Introduction
You may sense it each time you scroll a car-listing site: the market feels busier, yet oddly more cautious. Interest-rate relief is nudging buyers back into showrooms, but fuel prices and electricity anxiety keep value at the centre of every deal. FindMy has compared its own search analytics with the latest public figures to trace where South Africa’s passenger-car market is heading in 2025.
Economic context
The South African Reserve Bank’s May cut took the repo rate to 7.25%, its lowest in two years. Consumer inflation slipped below 3%, sparking renewed curiosity among first-time buyers. Yet household budgets remain under strain after 18 months of rolling blackouts and employment uncertainty, creating a market that prizes predictable running costs over prestige.
Momentum in 2025
Data reveals a steady climb in used car sales even before the rate cut. In March, transactions totalled R12.48 billion, up 10.9 % year on year. April slipped slightly to R12.06 billion yet still beat 2024 by 3%. May then surprised analysts with R13.65 billion, a jump of 21.1% on the prior year, suggesting pent-up demand once financing eased.
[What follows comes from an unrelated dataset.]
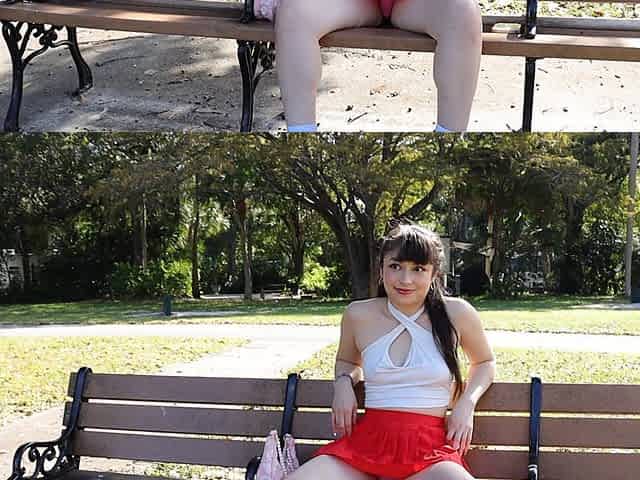 Gorgeous solo college babe doing striptease in a park - Pixie

FindMy’s own platform mirrors the curve: buyer enquiries rose 28% between February and May, while dealer uploads climbed 17%. The synchrony hints at genuine market momentum rather than mere seasonal noise.
Price and affordability
Average ticket prices followed a gentle upward slope: R417 688 in March, R420 771 in April and R423 900 in May by preliminary estimates. Buyers appear willing to stretch budgets if total cost of ownership stays in check. That same calculus explains why eight-year-old double-cab bakkies remain hot: they promise durability without the insurance shock of a new SUV.
Powertrain shift
Electrification is no longer a side note. Industry reports show new-energy-vehicle sales skyrocketing 92% year on year, with hybrids accounting for most volume thanks to price and charging concerns. Battery-electric cars still average above R1 million, but online curiosity is growing fast; FindMy search data place “EV under R600k” among the top five rising terms of Q2.
Dealer dynamics
Stock is moving briskly. The industry’s top three sellers, Ford Ranger, Toyota Hilux and Volkswagen Polo leave forecourts in roughly 30-35 days. Gauteng accounts for 56% of transactions, dwarfing the Western Cape’s 19%. Dealers report tighter gross margins, yet the faster rotation offsets some pressure. Meanwhile, FindMy’s advertising dashboard shows a 42% rise in paid listings as retailers chase digital eye-balls rather than roadside foot traffic.
Outlook
You should expect a two-speed market through summer. Interest-rate cuts will keep bargain hunters active, but fuel-cost jitters may restrain big-engine sales. If the Reserve Bank delivers a further 25bps trim in September, FindMy projects total cars for sale turnover could breach R150 billion for 2025, eclipsing last year by 14%.
Dealers who price realistically and embrace hybrid stock are poised to benefit most.
Conclusion
2025 is shaping into a year of cautious optimism. You can feel relief in the numbers: lower rates, higher turnover, rising electrified options. Yet the emotional undercurrent is still concerning; buyers want certainty, not flash. For market players, the lesson is clear. Offer value, embrace digital channels and stay alert to rapid shifts in technology. Do that, and you will ride this evolving wave rather than watch it recede from the showroom floor.